Tuesday, 11 April 2000
Dáil Eireann Debate
388. Mr. Allen asked the Minister for Education and Science the number of children killed in the past ten years either boarding or leaving school buses; and if he will make a statement on the recent warning by the association of general practitioners on this matter. [10647/00]
417. Mr. Allen asked the Minister for Education and Science if he will introduce a flashing light system on school buses in view of the number of children killed either boarding or leaving those buses. [10599/00]
The information sought by the Deputy regarding the number of children killed either boarding or leaving school buses in the past ten years is being assembled and will be forwarded to him as soon as possible. The school transport section of my Department is not aware of a recent warning by the association of general practitioners regarding the matter, however, details will be sought and taken into account in relation to the question of safety matters.
A flashing lights system is in operation in the USA and Canada. Regulations in operation in those countries require all traffic, in both directions, to stop whenever school children are boarding or leaving school buses. This is facilitated by the fact that vehicles in those countries are built to a standard specification with regard to colour and advance warning systems.
My Department and Bus Éireann previously looked into the possibility of introducing such a system in Ireland, but found that there are a number of disadvantages which make it difficult to apply that system to school bus operators in this country. Vehicles operating on school transport in this country consist of various types and sizes, ranging from cars to coaches and a large number of pupils are carried on public scheduled services. A high proportion of school buses are provided by private contractors engaged by Bus Éireann and in addition are used for other passenger services. Confusion could arise among road users if some vehicles used by school children have flashing lights, and others have not. A disadvantage is the traffic chaos that could result if other vehicles are not permitted to pass a school bus, especially in urban areas and at peak times. This could render the current situation more hazardous. The safety drill for this would be contrary to long standing safety instructions familiar to Irish pupils. Under current safety instructions, pupils should wait until the school bus has moved off before attempting to cross the road.
Designated vehicles, owned by both Bus Éireann and contractors, are fitted with signs to identify them as school buses, that is the international symbol for school children. Every effort is made to highlight safety aspects. The need for care and the observance of safety rules are continuously emphasised to pupils, parents and teachers, and safety campaigns are undertaken regularly. On school bus tickets, Bus Éireann list the safety rules to be followed before joining, en route and after alighting from the bus. School principals are requested to speak to pupils on the topic of safety on a regular basis, and special leaflets are distributed from time to time, to all pupils on transport.

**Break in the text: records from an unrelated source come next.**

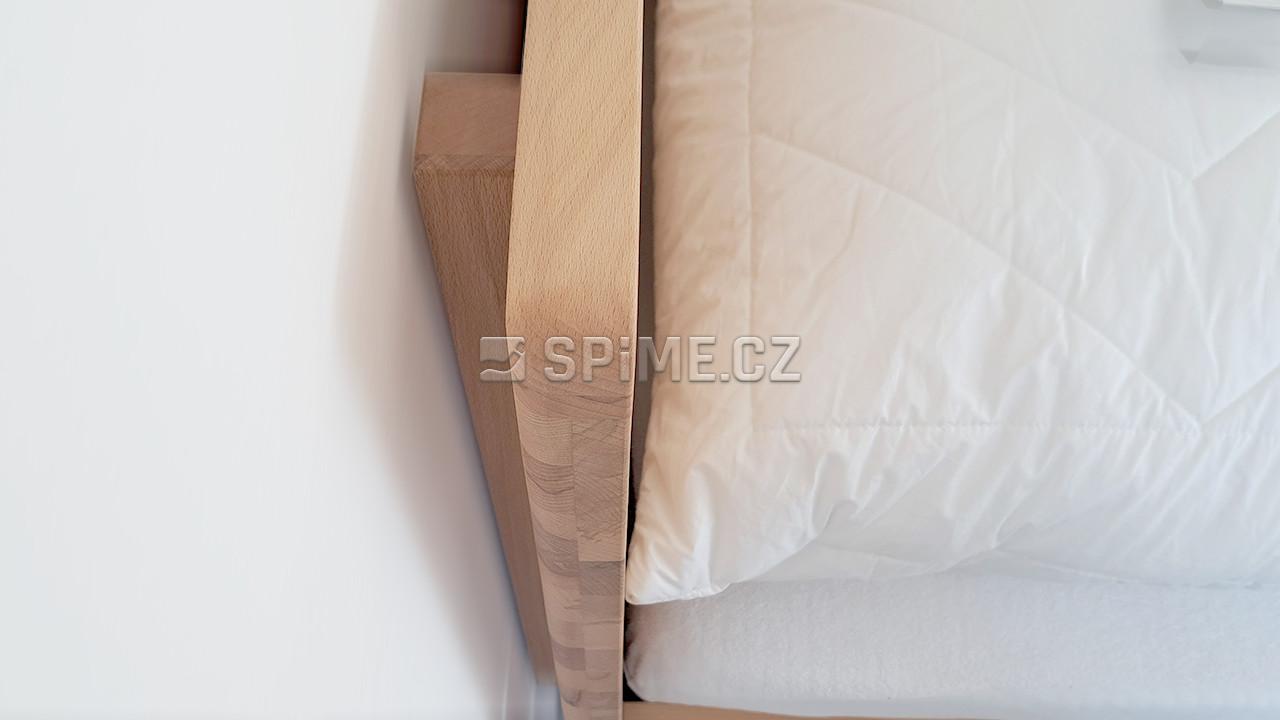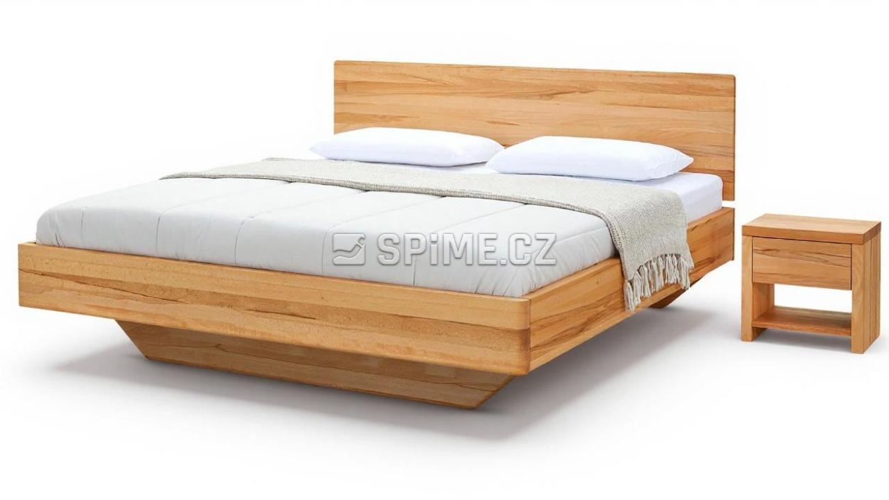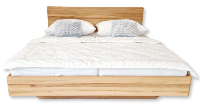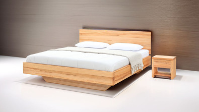 Postel z masivu LEVANTE dvoulůžko. Celomasivní dřevěná levitující postel o šíři masivu 2,8 cm s čalouněným čelem.
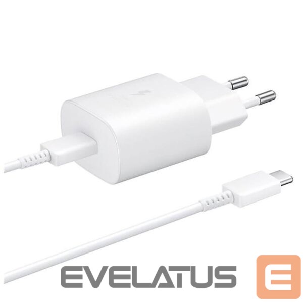Samsung 25W EP-TA800EWE USB-C Wall Charger with Samsung EP-DA705BWE USB-C / USB-C Cable – White
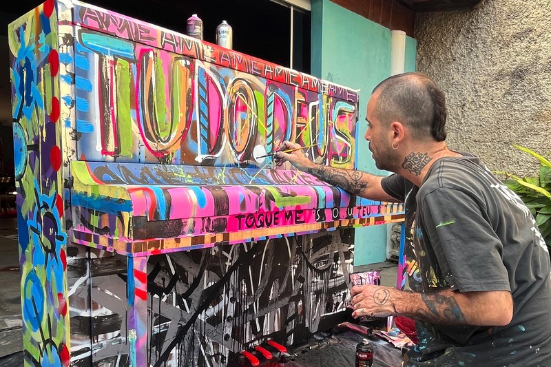 Eles fazem parte do projeto “Toque-me, Sou Teu”, que convidou seis grafiteiros da capital mineira para ilustrarem os instrumentos
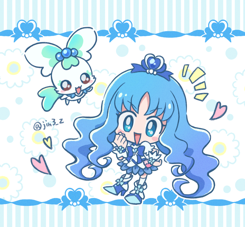 1girl 1other blue_eyes blue_hair blue_skirt blush_stickers chibi clenched_hand coffret_(precure) commentary_request cuffs cure_marine hand_on_own_hip handcuffs heart heartcatch_precure! jin_(jin3jin3) kurumi_erika long_hair looking_at_viewer notice_lines precure puffy_short_sleeves puffy_sleeves short_sleeves skirt smile twitter_username
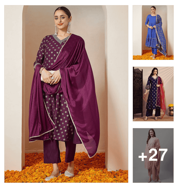 women solid with work three quarter sleeve kurta pant with dupatta set
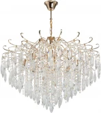 Металлическое основание потолочного светильника выполнено из металл и гальванизировано в золотой цвет. Светильник декорирован подвесками из фактурного прозрачного хрусталя в форме октагон и око. Дизайн-идея в каскаде хрусталя различного размера, формы и фактуры. Хрусталь преломляет световой поток, создавая красивую игру света. Большое количество хрусталя создает праздничное настроение и добавляет подвесному светильнику декоративности Регулируемая высота светильника за счет звеньев цепи.
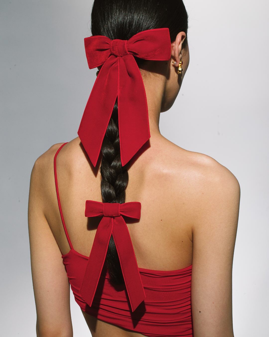 Nơ nhung bản lớn là một trong những phụ kiện tóc mang tính biểu tượng nhất của mùa Giáng sinh năm nay, không chỉ vì vẻ mềm mại của chất liệu mà còn ở cách nó định hình thái độ cho người đội. Nhung có độ rơi tự nhiên, tạo bóng và giữ form tốt, vì vậy khi đặt lên tóc, đặc biệt là tóc nửa buộc hoặc đuôi ngựa phồng, sẽ phát huy tối đa sự mềm mại. Màu nhung đen hoặc đỏ rượu vang gợi cảm giác cổ điển theo kiểu Paris hay các cô gái học thuật Ivy League. Khi đặt nơ cao hơn bình thường, phần đuôi nơ rủ xuống sẽ giúp kéo dài phần cổ và lưng, cho cảm giác tỷ lệ cơ thể thanh thoát hơn.
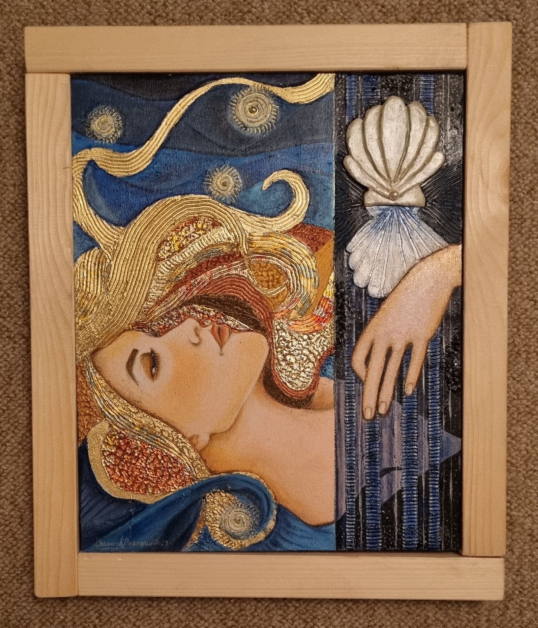 - Tecnica: Colori acrilici, foglia oro, pasta modellabile
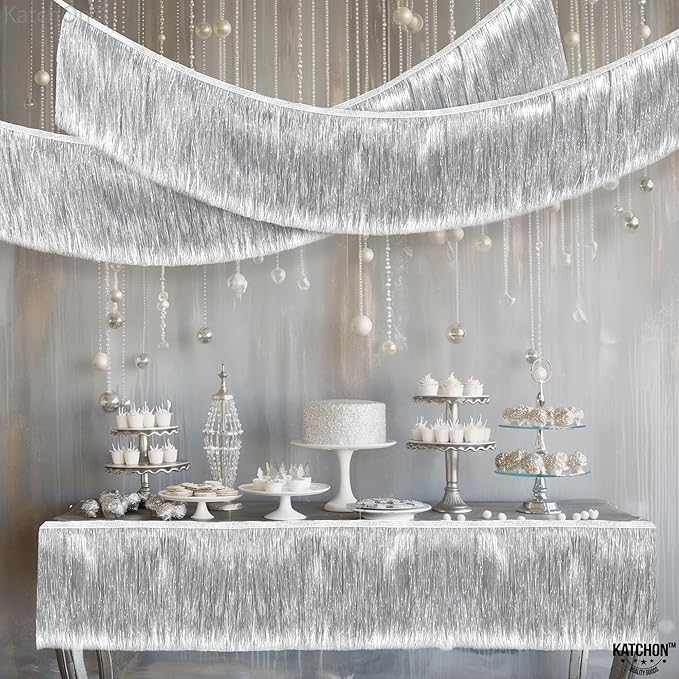 Растяжка бахрома 20см х 1,8м, металлик серебро
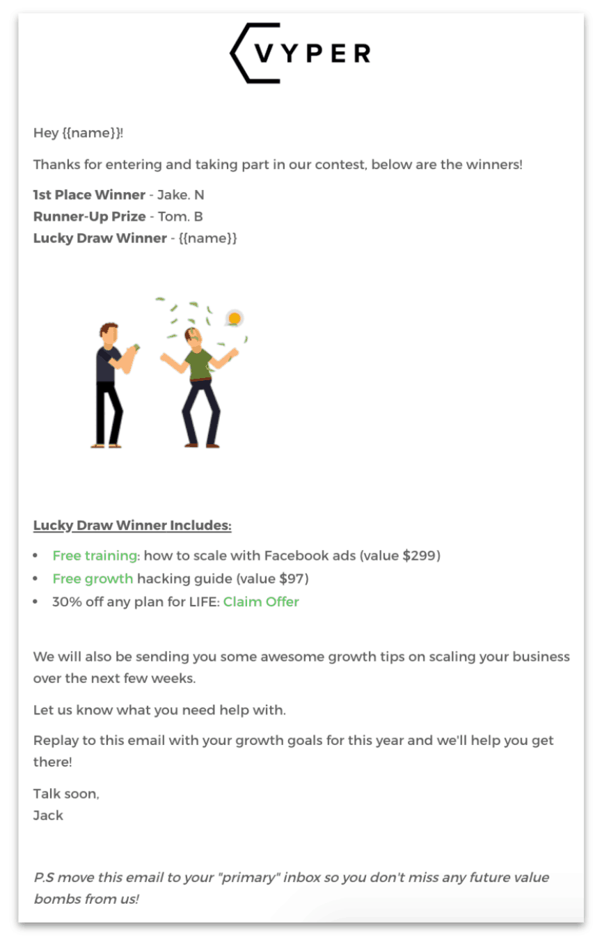 The winner announcement email is also a good time to pitch a sale as you have got such a high open rate. You can see this in the example email we sent for one of our contests.
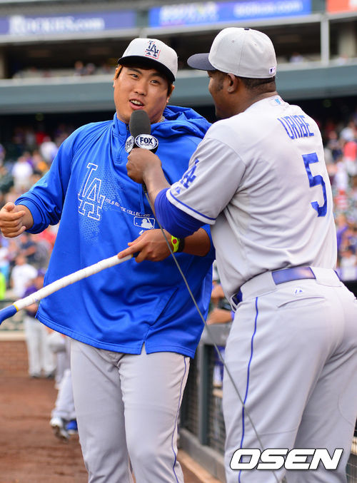 [OSEN=덴버(미국), 곽영래 기자] 5일(한국시간) 미국 콜로라도주 덴버 쿠어스필드에서 열린 2013 미국 메이저리그 콜로라도 로키스와 LA 다저스의 경기에 앞서 다저스 우리베와 류현진이 마이크를 가지고 장난을 치고 있다
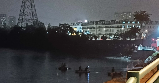 Lực lượng cứu hộ huy động 3 thuyền nhỏ tìm kiếm trên mặt nước. Nhiều người dân có mặt xung quanh khu vực hồ điều hòa theo dõi sự việc.
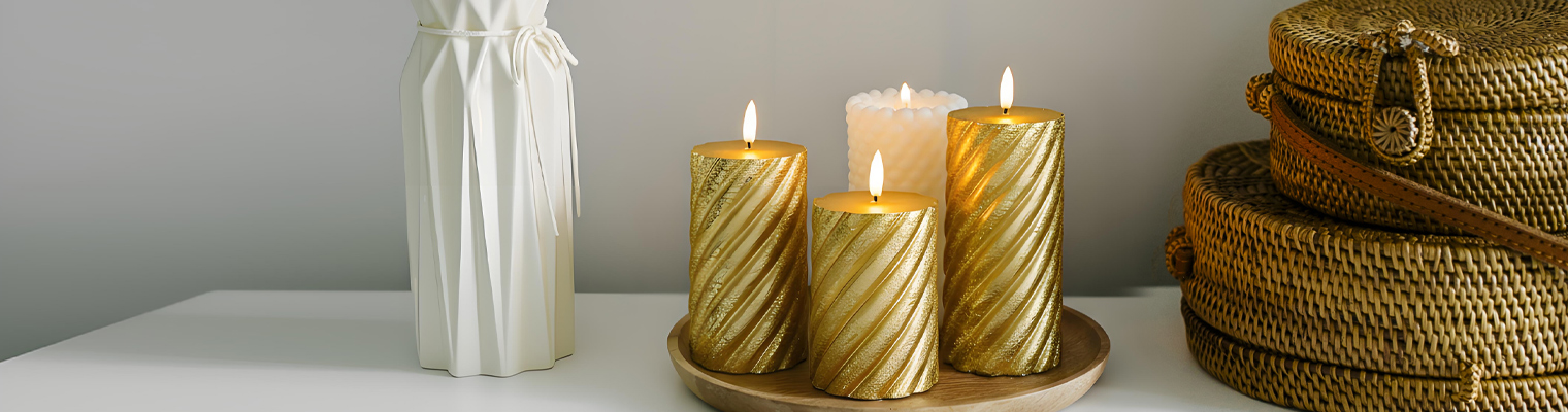 Create a warm, flickering glow without the worry of an open flame. Our battery-operated 3D wick  candles come with timers and remote control function and are designed for elegance and realism. Ideal for creating intimate settings in living rooms, bedrooms, or upscale events, they combine the charm of traditional candles with the safety and convenience of modern technology.
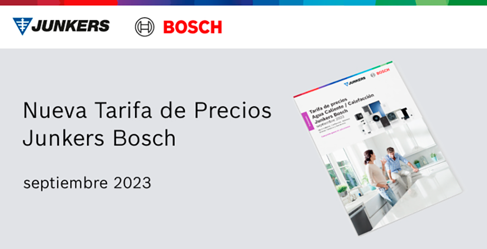 Junkers Bosch presenta su nueva tarifa de precios edición septiembre 2023 para productos residenciales de agua caliente, calefacción, aerotermia y sistemas solares térmicos, que se encuentra en vigor desde el 5 de septiembre. Un completo porfolio de productos con soluciones que destacan por su tecnología, eficiencia e innovación.
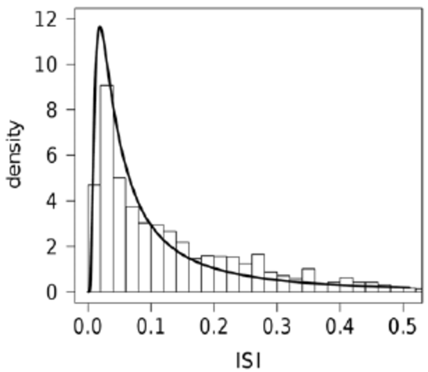 The neuronal firing depicted in this histogram appears to be regular, there is one clear peak of preferred interspike interval.
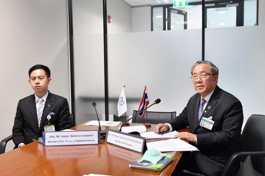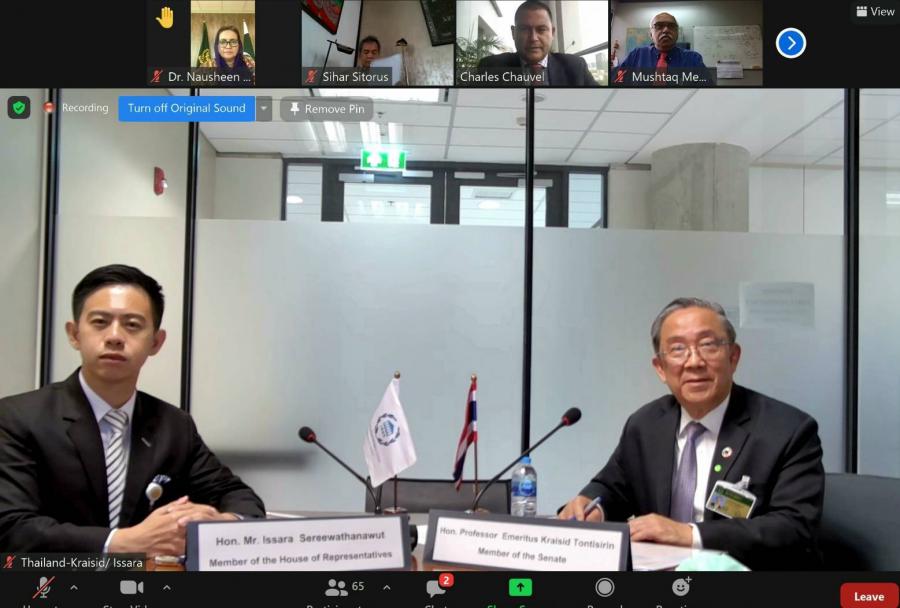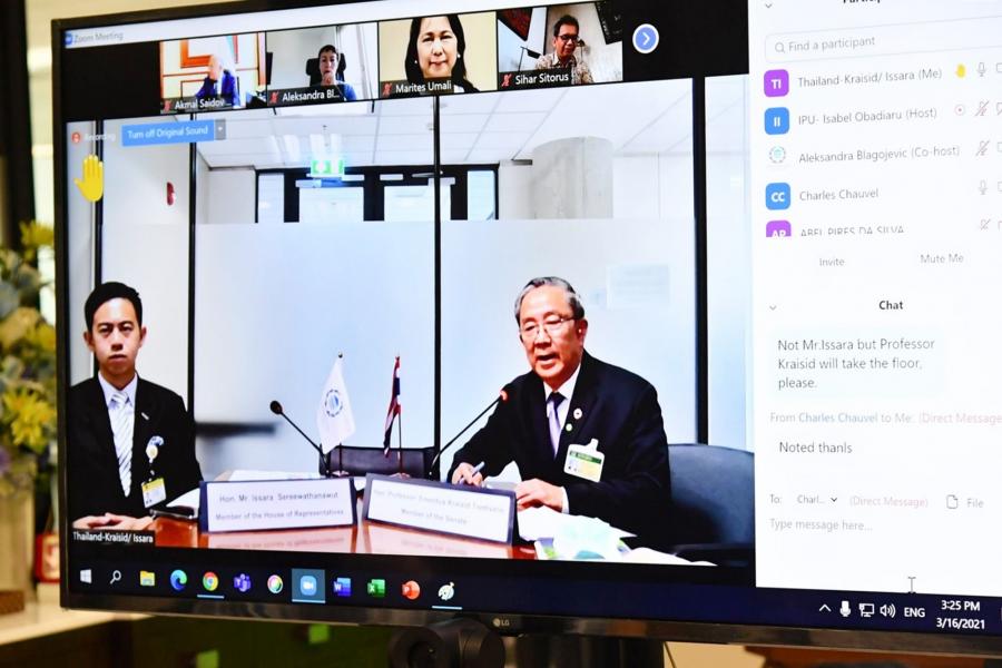 วันอังคารที่ 16 มีนาคม 2564 เวลา 14.00–15.30 นาฬิกา ตามเวลาประเทศไทย ณ ห้องประชุมสำนักองค์การรัฐสภาระหว่างประเทศ ชั้น 3 อาคารรัฐสภา ศ.เกียรติคุณ นพ. ไกรสิทธิ์ ตันติศิรินทร์ สมาชิกวุฒิสภา พร้อมด้วยนายอิสระ เสรีวัฒนวุฒิ สมาชิกสภาผู้แทนราษฎร ในฐานะผู้ดำรงตำแหน่งในคณะกรรมาธิการสามัญสหภาพรัฐสภาว่าด้วยการพัฒนาที่ยั่งยืน เข้าร่วมการสัมมนาออนไลน์ในหัวข้อ “การสร้างอนาคตที่ดีกว่าโดยไม่ทิ้งใครไว้ข้างหลัง : บทบาทของรัฐสภาในการวางยุทธศาสตร์การฟื้นฟูจากโควิด-19  ที่สอดคล้องกับเป้าหมายการพัฒนา      ที่ยั่งยืน” (“Building a better future where nobody is left behind: How can parliaments ensure that COVID-19 recovery strategies are in line with the SDGs?”) จัดโดยสหภาพรัฐสภา (IPU) ร่วมกับคณะกรรมาธิการเศรษฐกิจและสังคมแห่งสหประชาชาติสำหรับเอเชียและแปซิฟิก (UNESCAP) ผ่านโปรแกรมซูม (ZOOM) โดยมีผู้เข้าร่วมการสัมมนากว่า 70 คน จากนานาประเทศในภูมิภาคเอเชียแปซิฟิก
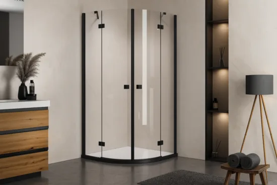 Kabina ima dva fiksna zakrivljena panela i dvoja vrata na šarke koja se otvaraju prema spolja. Kaljeno prozirno staklo i elegantna crna završna obrada čine ovaj model idealnim za moderno uređena kupatila.

Instructions to school bus drivers emphasise the importance of safety and includes a special instruction to constantly remind pupils to exercise the greatest care in crossing roads when boarding or alighting from school buses. In addition, a  safety notice is placed at exit doors as a reminder to pupils as they leave the bus.
The whole question of safety in relation to school buses, including the question of flashing lights, will be examined again, in the context of the examination of the report of the joint Oireachtas committee on school transport.